- [Data to use]:
◇ ◇ ◇ ◇ ◇ ◇ ◇

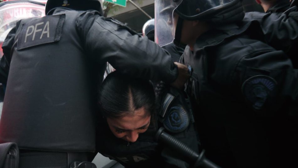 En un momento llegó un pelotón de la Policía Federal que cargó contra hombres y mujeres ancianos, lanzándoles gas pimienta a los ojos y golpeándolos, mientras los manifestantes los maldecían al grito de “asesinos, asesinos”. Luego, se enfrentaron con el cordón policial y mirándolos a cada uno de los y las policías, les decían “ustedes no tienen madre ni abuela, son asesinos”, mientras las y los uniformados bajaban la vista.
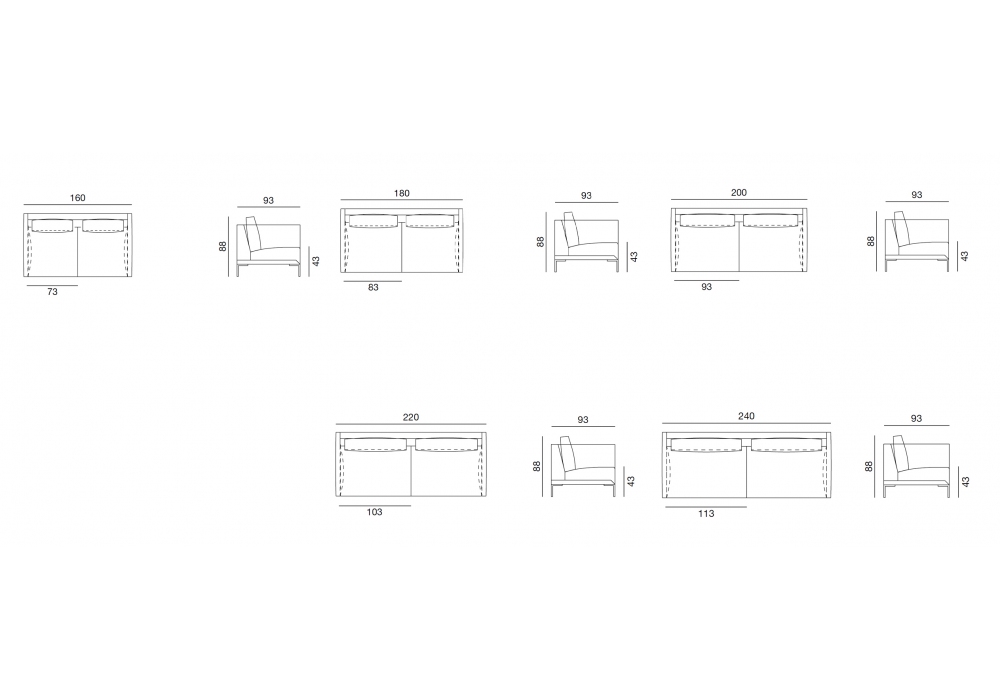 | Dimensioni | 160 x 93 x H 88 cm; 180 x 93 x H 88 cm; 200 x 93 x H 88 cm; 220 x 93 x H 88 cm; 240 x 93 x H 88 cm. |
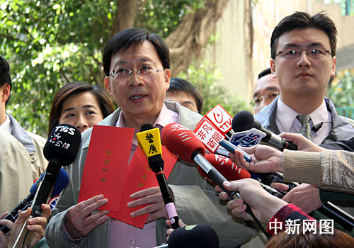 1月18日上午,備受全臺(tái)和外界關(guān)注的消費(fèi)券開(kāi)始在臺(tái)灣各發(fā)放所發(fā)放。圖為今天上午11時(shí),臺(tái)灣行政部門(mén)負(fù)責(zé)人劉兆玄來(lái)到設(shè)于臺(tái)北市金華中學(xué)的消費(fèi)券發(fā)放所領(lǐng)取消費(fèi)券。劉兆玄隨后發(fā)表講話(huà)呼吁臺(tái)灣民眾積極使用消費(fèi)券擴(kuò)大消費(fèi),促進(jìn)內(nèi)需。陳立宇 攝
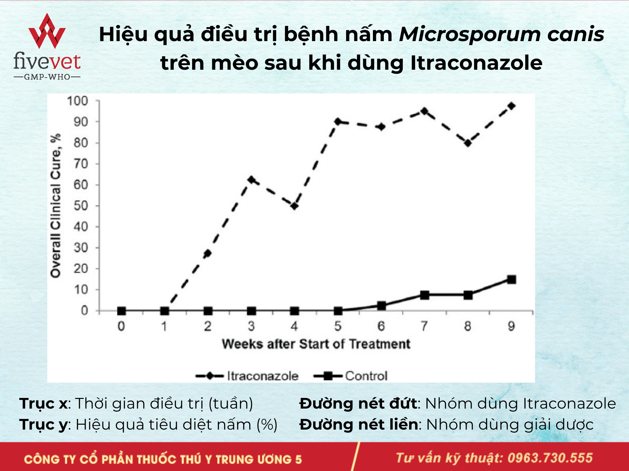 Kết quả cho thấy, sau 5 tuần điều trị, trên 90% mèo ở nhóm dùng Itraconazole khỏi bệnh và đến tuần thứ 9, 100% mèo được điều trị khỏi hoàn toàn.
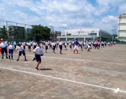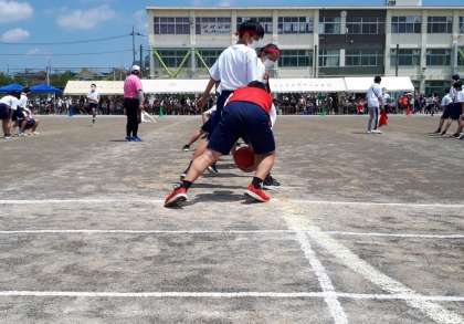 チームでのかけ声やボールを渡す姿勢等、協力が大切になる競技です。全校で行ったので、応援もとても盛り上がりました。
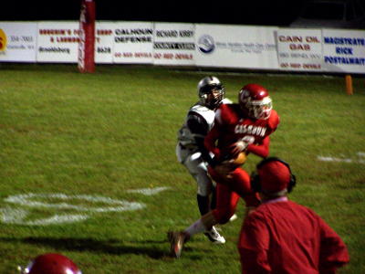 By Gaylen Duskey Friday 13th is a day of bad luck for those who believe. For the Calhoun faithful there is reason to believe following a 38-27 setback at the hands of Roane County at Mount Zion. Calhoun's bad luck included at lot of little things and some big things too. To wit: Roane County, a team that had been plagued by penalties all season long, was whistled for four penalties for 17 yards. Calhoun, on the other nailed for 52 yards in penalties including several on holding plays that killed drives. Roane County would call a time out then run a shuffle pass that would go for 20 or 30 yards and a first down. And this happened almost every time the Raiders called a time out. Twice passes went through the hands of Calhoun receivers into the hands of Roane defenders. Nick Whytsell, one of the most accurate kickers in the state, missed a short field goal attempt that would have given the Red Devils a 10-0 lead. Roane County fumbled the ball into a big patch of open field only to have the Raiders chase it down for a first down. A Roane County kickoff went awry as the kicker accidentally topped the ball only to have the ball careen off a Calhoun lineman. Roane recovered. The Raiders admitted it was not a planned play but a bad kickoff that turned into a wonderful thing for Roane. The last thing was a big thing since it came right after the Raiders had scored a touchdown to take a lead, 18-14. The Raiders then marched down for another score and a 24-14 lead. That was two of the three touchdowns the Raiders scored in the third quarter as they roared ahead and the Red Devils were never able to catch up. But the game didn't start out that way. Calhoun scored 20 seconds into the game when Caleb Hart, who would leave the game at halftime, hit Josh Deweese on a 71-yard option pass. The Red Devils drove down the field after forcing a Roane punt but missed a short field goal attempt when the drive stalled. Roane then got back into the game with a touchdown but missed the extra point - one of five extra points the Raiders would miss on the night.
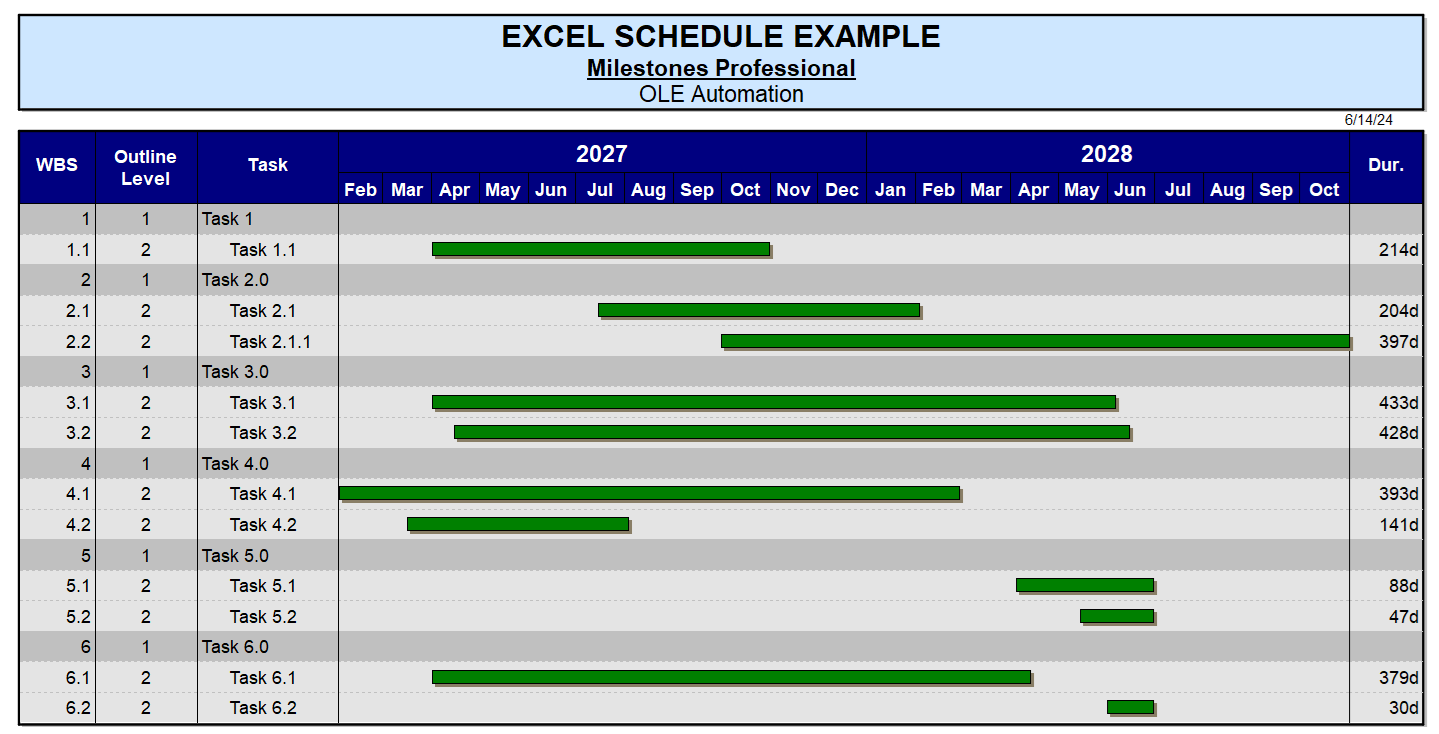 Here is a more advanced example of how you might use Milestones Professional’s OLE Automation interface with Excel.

◇ ◇ ◇ ◇ ◇ ◇ ◇

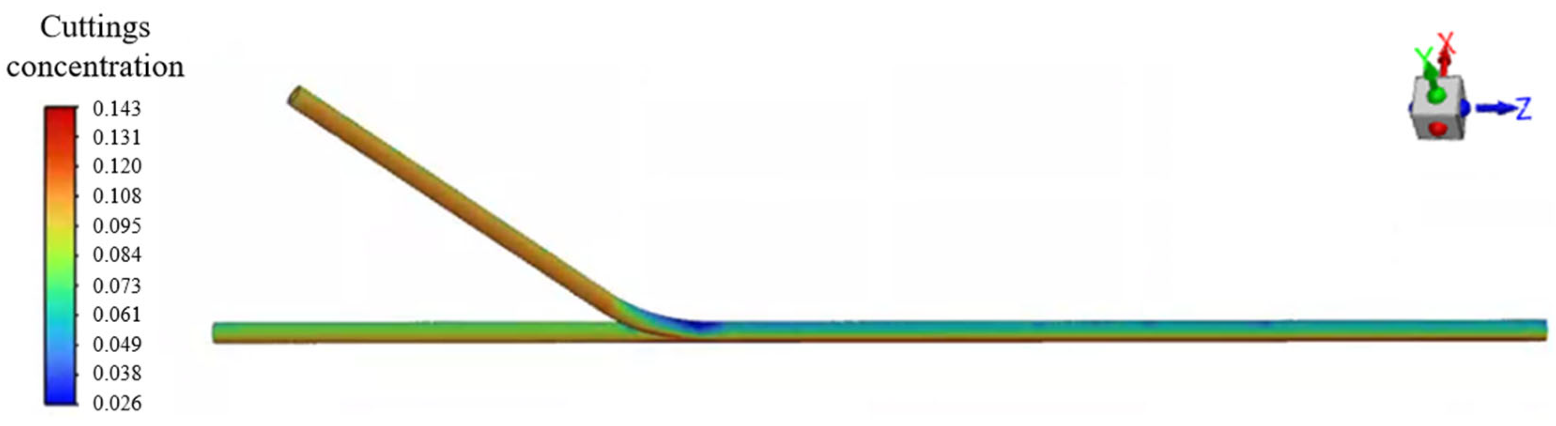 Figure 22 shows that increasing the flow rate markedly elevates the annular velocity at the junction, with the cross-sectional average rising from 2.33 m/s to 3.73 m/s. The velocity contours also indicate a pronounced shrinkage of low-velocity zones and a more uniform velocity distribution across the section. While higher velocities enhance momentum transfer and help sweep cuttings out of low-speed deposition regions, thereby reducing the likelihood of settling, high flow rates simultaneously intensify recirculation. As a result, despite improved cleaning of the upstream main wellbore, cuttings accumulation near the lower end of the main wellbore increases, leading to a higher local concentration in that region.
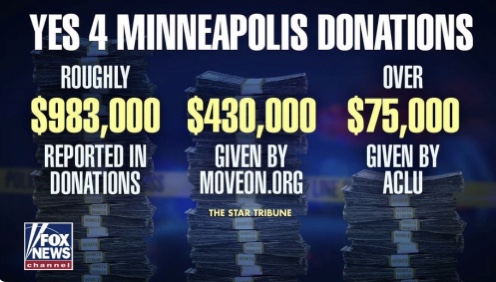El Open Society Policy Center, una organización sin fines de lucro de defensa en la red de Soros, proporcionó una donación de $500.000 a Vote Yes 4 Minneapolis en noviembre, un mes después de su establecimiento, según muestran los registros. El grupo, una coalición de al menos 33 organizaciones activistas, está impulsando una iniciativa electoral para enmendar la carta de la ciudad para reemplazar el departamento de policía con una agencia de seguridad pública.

◇ ◇ ◇ ◇ ◇ ◇ ◇

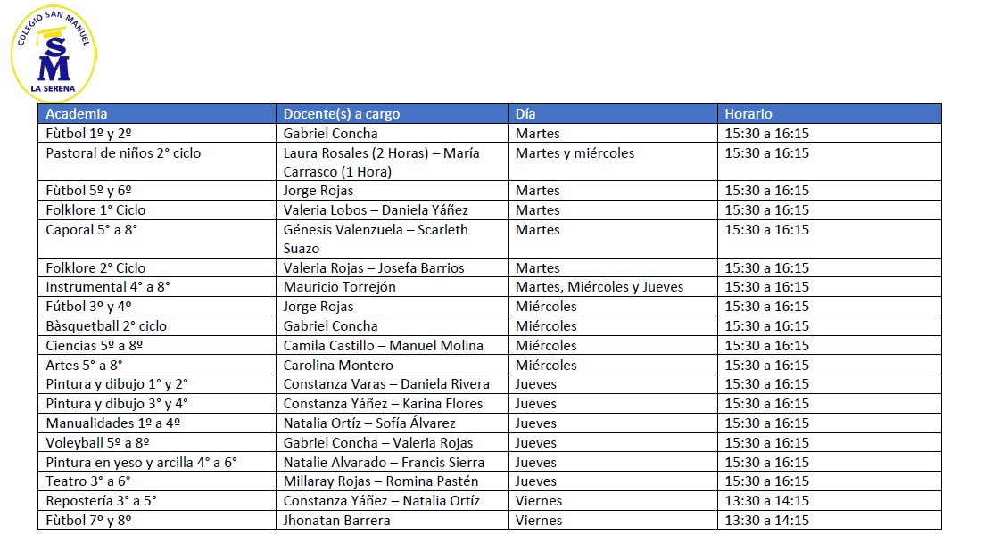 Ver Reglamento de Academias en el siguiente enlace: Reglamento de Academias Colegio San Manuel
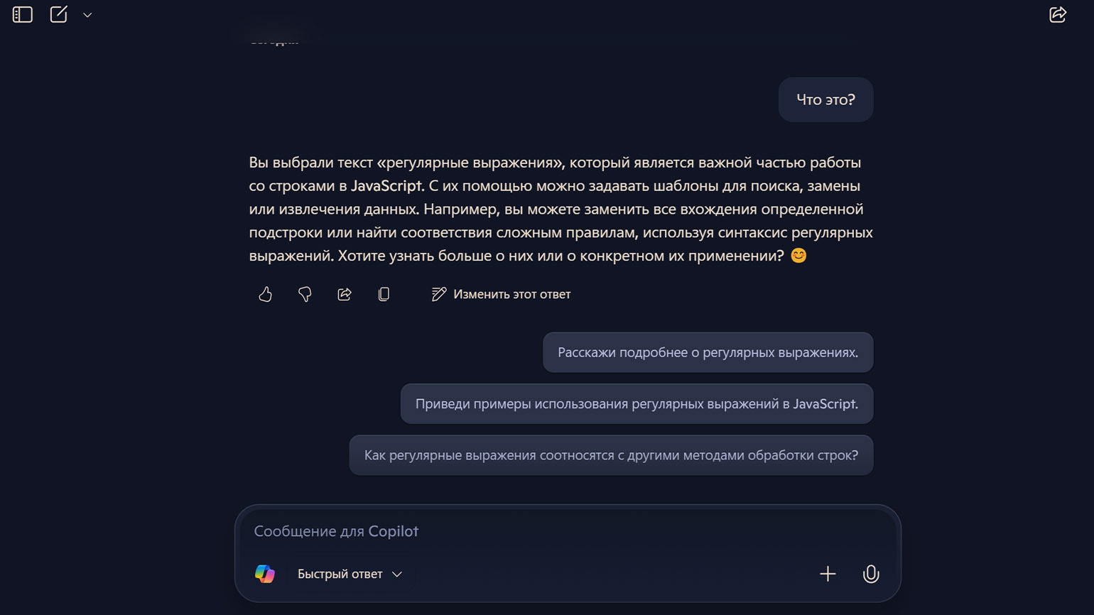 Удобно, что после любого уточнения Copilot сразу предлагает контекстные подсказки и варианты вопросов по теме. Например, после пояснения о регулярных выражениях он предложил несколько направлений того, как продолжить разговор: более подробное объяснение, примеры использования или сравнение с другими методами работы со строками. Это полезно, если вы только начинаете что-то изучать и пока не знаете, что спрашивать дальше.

◇ ◇ ◇ ◇ ◇ ◇ ◇

- [Directions]: With the pictures removed, print only the lines starting at the line that has "x H 88 cm. |" and ending at the line that has "チームでのかけ声やボールを渡", both ends included, exactly as they stand above.

- [Solved problem]:
 | Dimensioni | 160 x 93 x H 88 cm; 180 x 93 x H 88 cm; 200 x 93 x H 88 cm; 220 x 93 x H 88 cm; 240 x 93 x H 88 cm. |
 1月18日上午,備受全臺(tái)和外界關(guān)注的消費(fèi)券開(kāi)始在臺(tái)灣各發(fā)放所發(fā)放。圖為今天上午11時(shí),臺(tái)灣行政部門(mén)負(fù)責(zé)人劉兆玄來(lái)到設(shè)于臺(tái)北市金華中學(xué)的消費(fèi)券發(fā)放所領(lǐng)取消費(fèi)券。劉兆玄隨后發(fā)表講話(huà)呼吁臺(tái)灣民眾積極使用消費(fèi)券擴(kuò)大消費(fèi),促進(jìn)內(nèi)需。陳立宇 攝
 Kết quả cho thấy, sau 5 tuần điều trị, trên 90% mèo ở nhóm dùng Itraconazole khỏi bệnh và đến tuần thứ 9, 100% mèo được điều trị khỏi hoàn toàn.
 チームでのかけ声やボールを渡す姿勢等、協力が大切になる競技です。全校で行ったので、応援もとても盛り上がりました。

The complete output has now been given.